Hack protection-->pennywize addon would be nice, is this already in the market?
 

Hi,

Question, I'm thinking of using pennywize for protections against password trades, and brute force attacks.

BUT, now I understood, you have to create a new password for the members who did get out of the DB, and email him/her.

Is there a way when a passwrd het blocked, an email is send automatically to the "real"member, and in this email, the reason, and the new passwrd is included?

Andre

That's not really a good idea if you use pennywize or even our product Stop That Hacker http://www.stopthathacker.com

For the following reason.

Once you stop brute force attacks 99.99% of all your password sharing is from the member giving out his password or from credit card fraud.
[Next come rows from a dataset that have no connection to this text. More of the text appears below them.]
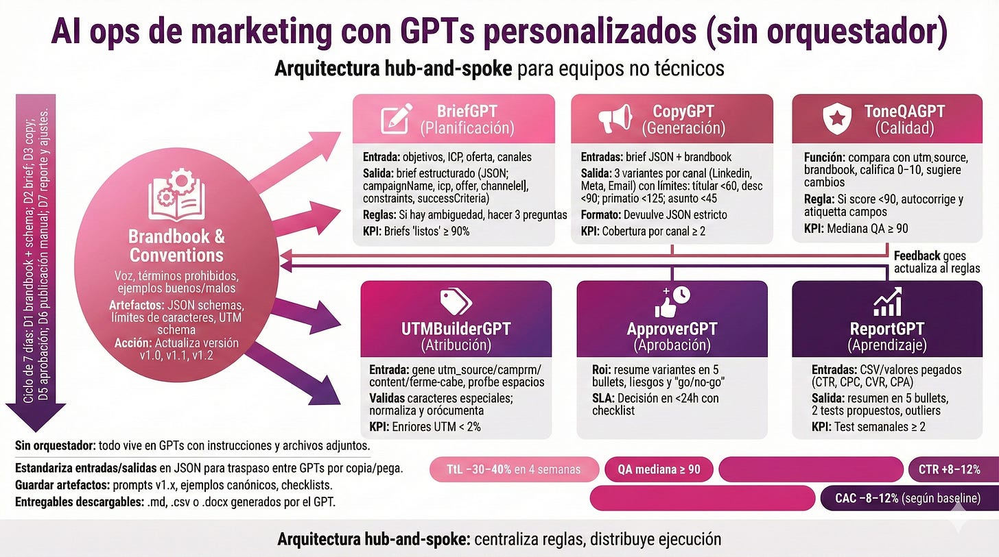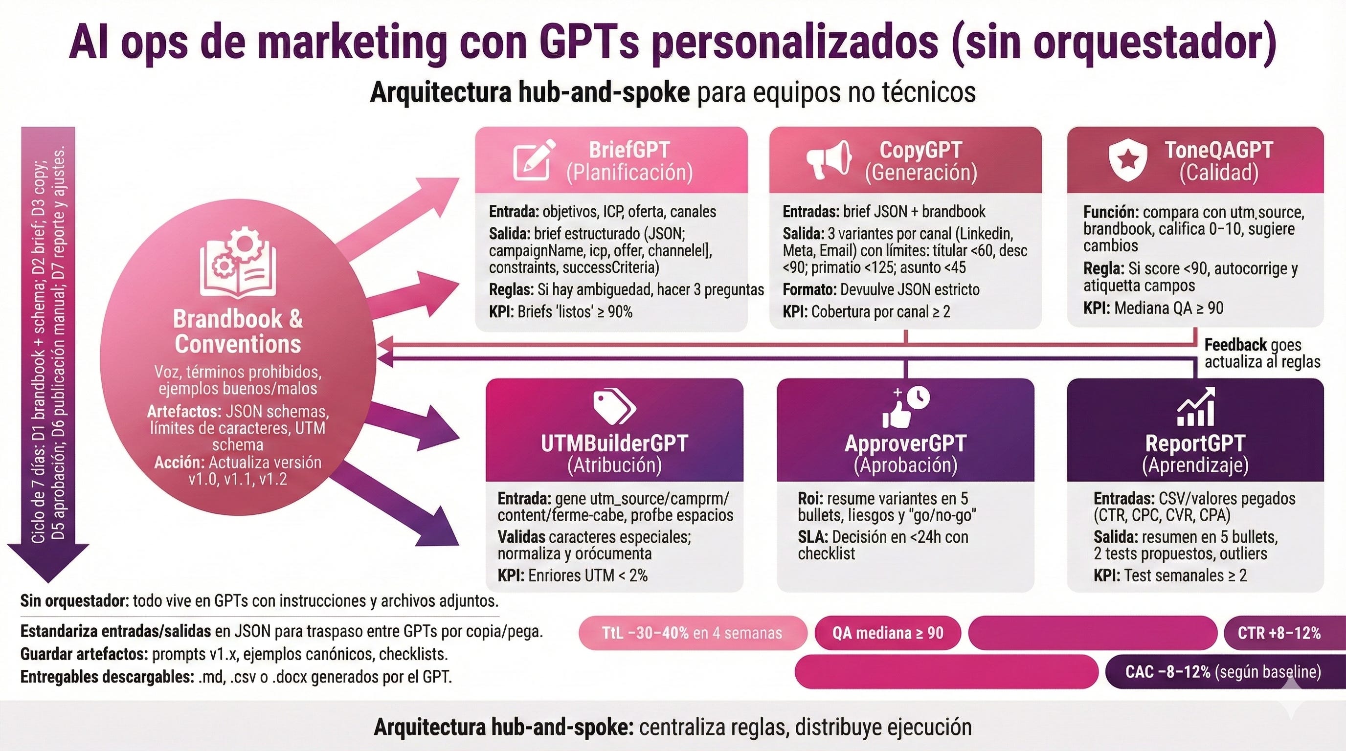 Qué resuelve: ejecución rápida sin orquestador. Centraliza reglas en un brandbook y distribuye tareas entre 6 GPTs (Brief, Copy, QA, UTM, Aprobación, Reporte).
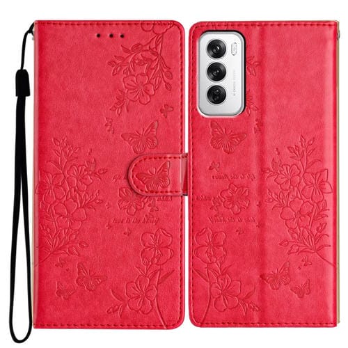 Pour OPPO Reno12 5G Global Butterfly Love Flower Étui de téléphone en cuir en relief (rouge)
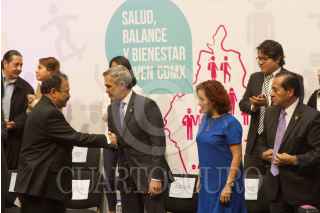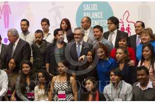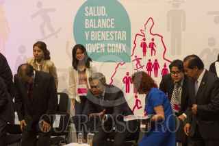 MÉXICO, D.F., 16JUNIO2015.- Miguel Ángel Mancera, Jefe de Gobierno, y María Fernanda Olvera Cabrera, titular del Injuve DF, durante el lanzamiento de la estrategia de salud, balance y bienestar joven, en el Antiguo Palacio del Ayuntamiento. FOTO: MOISÉS PABLO /CUARTOSCURO.COM
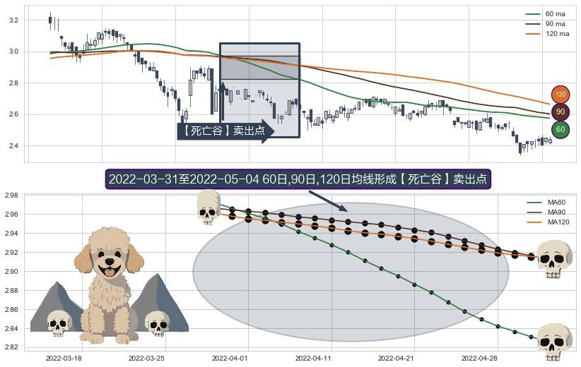 形态多维评估: ⚀ 2022-04-01-日至2022-05-04-日显现 60日-90日-120日均线 【死亡谷】卖出点 看空信号,后市看跌,卖出
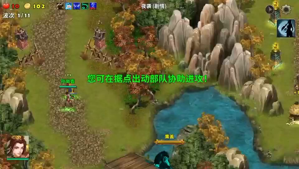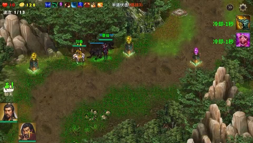 第一章的第二关,刘备张飞剧情出场不能选择武将,敌人两路进攻,我方需在两路敌军交汇处当道扎营以逸待劳狙杀敌军,土匪头子波才最后一轮会带领土匪猛攻,所以不要大意,尽快升级或建造塔防做好大战斗准备。首通可获得巨炮碎片10个。
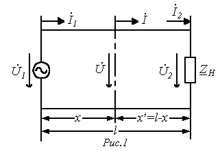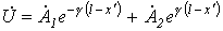 Это напряжение определяется суммой прямой (падающей) и обратной (отраженной) волн, т.е.
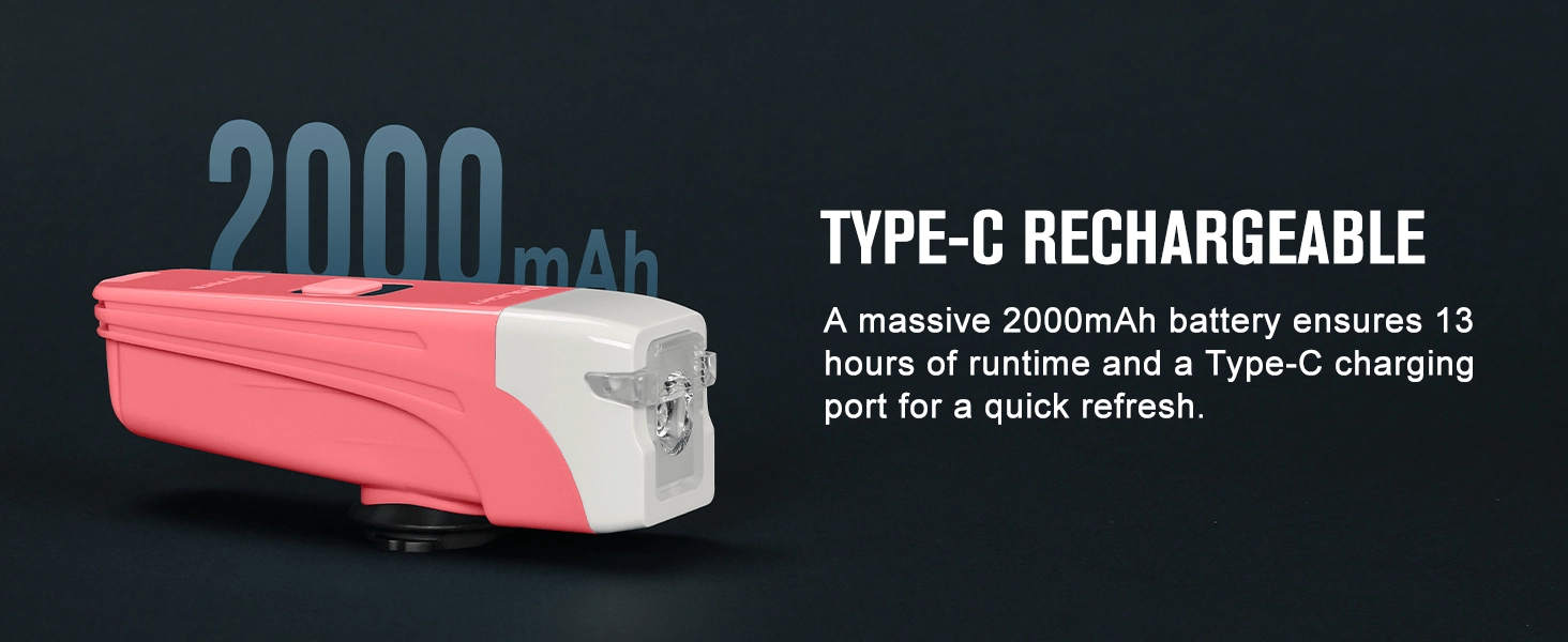 La batterie intégrée 3,7 V / 2000 mAh se recharge en environ 2,5 heures et offre jusqu’à 13 heures d’éclairage selon le mode.
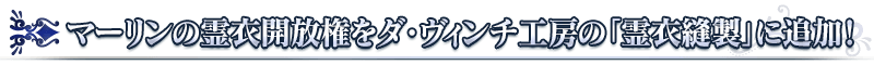 ※「★5(SSR)マーリン」を未所持の場合、霊衣開放権の入手はできますが、霊衣開放はおこなえませんのでご注意ください。
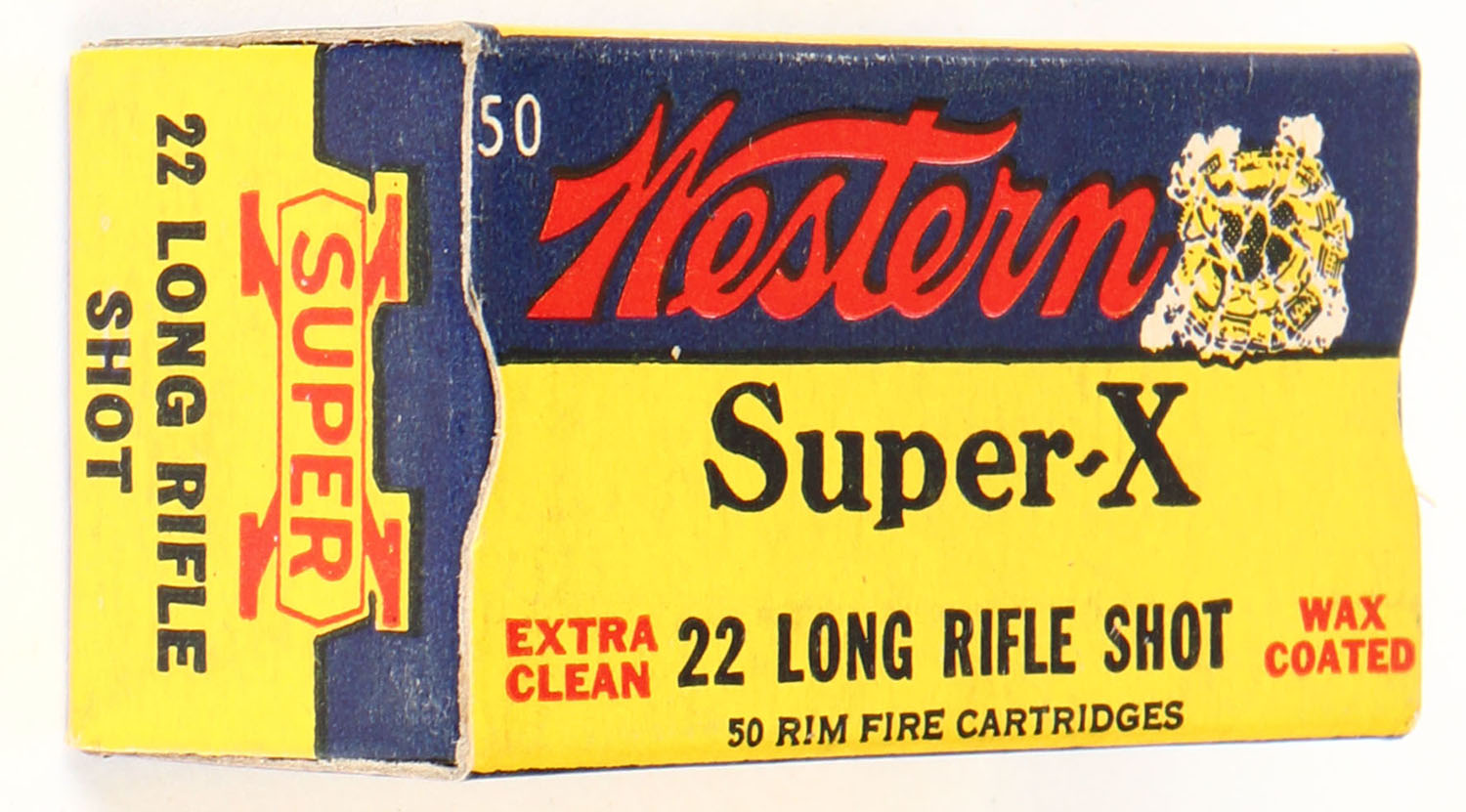Western, Super-X, .22 Long Rifle Shot, Extra Clean Wax Coated, RHWeb: WCC-Super-X-Long Rifle-49 LRS-10, Full, 1pc. Yellow blue & red box, box is solid with excellent color, very minor corner wear, edges are crisp, end flaps are solid, ammo is excellent. Grade: Excellent ++ - Value: 24 to 36

So why email him a new password so he can give it out again? Make him explain why he gave it out in the first place.

Plus most password sharring ends up in a chargeback anyway.

So kill the account. Kill the rebilling and forget it.

Hugs,
Danielle

i'd suggest letting them reset their password up to twice, and then after that, have them explain it. send them an e-mail with a link they have to click to reset the password and everything. maybe even generate the password for them at that point. :)

Great advice :thumbsup

I don't agree on that. Also Brute password hackers do get the passwords of the legit members. Killing them would be stupid then!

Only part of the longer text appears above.